• **Material for this exercise**
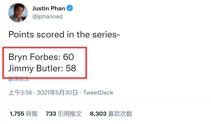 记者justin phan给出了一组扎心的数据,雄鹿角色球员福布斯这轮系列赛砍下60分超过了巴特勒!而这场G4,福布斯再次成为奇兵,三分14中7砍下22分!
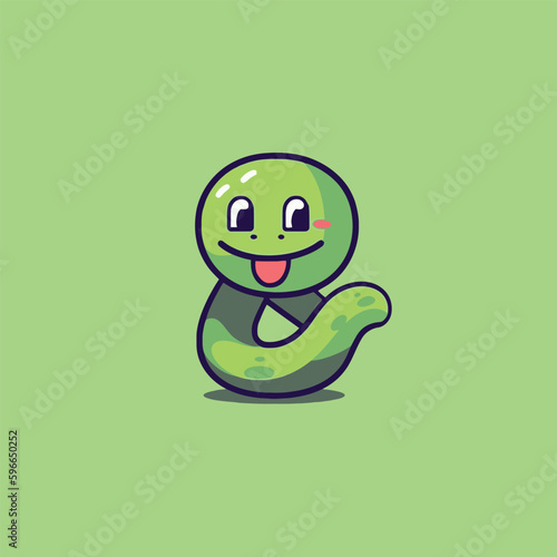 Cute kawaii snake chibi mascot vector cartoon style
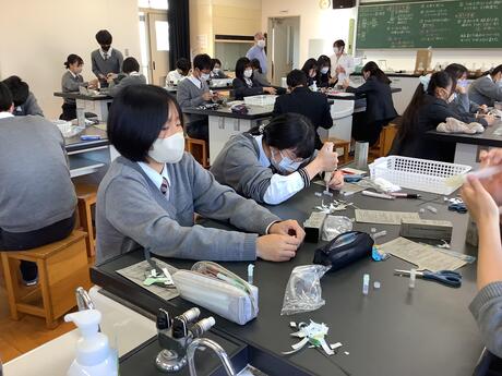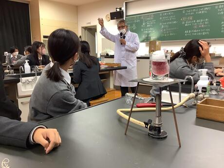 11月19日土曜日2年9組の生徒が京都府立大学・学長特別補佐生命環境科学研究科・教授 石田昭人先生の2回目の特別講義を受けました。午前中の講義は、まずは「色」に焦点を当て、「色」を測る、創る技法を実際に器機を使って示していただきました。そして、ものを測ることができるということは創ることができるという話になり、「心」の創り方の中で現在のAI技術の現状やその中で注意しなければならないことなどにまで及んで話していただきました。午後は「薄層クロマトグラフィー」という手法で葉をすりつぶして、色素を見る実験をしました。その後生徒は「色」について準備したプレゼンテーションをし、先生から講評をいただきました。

==

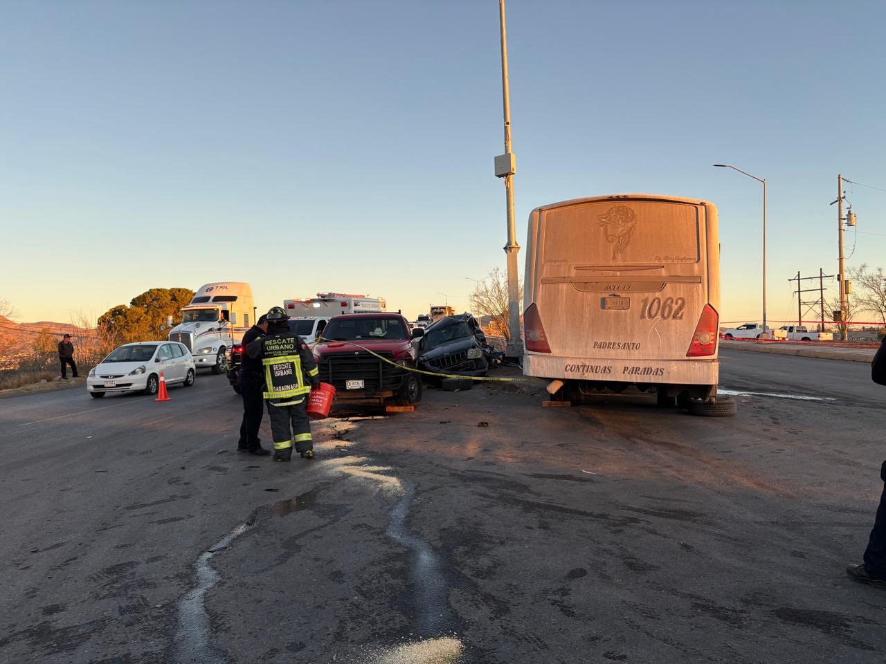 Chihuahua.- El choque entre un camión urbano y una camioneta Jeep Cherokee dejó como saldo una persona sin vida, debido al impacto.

* * *

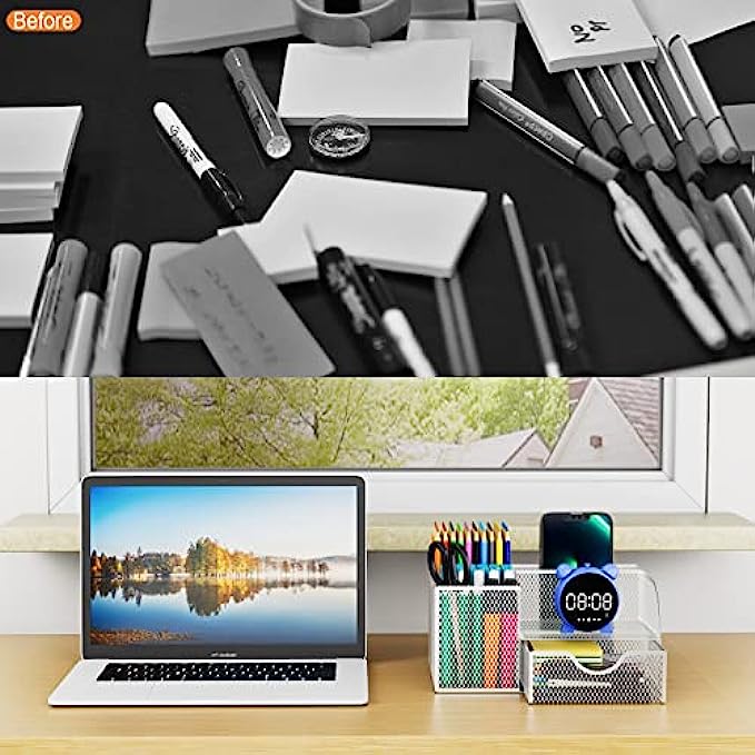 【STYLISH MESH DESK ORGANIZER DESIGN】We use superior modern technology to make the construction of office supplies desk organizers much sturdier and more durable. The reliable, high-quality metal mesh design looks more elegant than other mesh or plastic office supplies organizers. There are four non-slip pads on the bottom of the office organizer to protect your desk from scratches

• **What you will do**
Leave out every picture, and copy exactly the lines above starting at the one holding "记者justin phan给" and ending at the one holding "11月19日土曜日2年9組の", no more and no less.

• **Exercise answer**
 记者justin phan给出了一组扎心的数据,雄鹿角色球员福布斯这轮系列赛砍下60分超过了巴特勒!而这场G4,福布斯再次成为奇兵,三分14中7砍下22分!
 Cute kawaii snake chibi mascot vector cartoon style
 11月19日土曜日2年9組の生徒が京都府立大学・学長特別補佐生命環境科学研究科・教授 石田昭人先生の2回目の特別講義を受けました。午前中の講義は、まずは「色」に焦点を当て、「色」を測る、創る技法を実際に器機を使って示していただきました。そして、ものを測ることができるということは創ることができるという話になり、「心」の創り方の中で現在のAI技術の現状やその中で注意しなければならないことなどにまで及んで話していただきました。午後は「薄層クロマトグラフィー」という手法で葉をすりつぶして、色素を見る実験をしました。その後生徒は「色」について準備したプレゼンテーションをし、先生から講評をいただきました。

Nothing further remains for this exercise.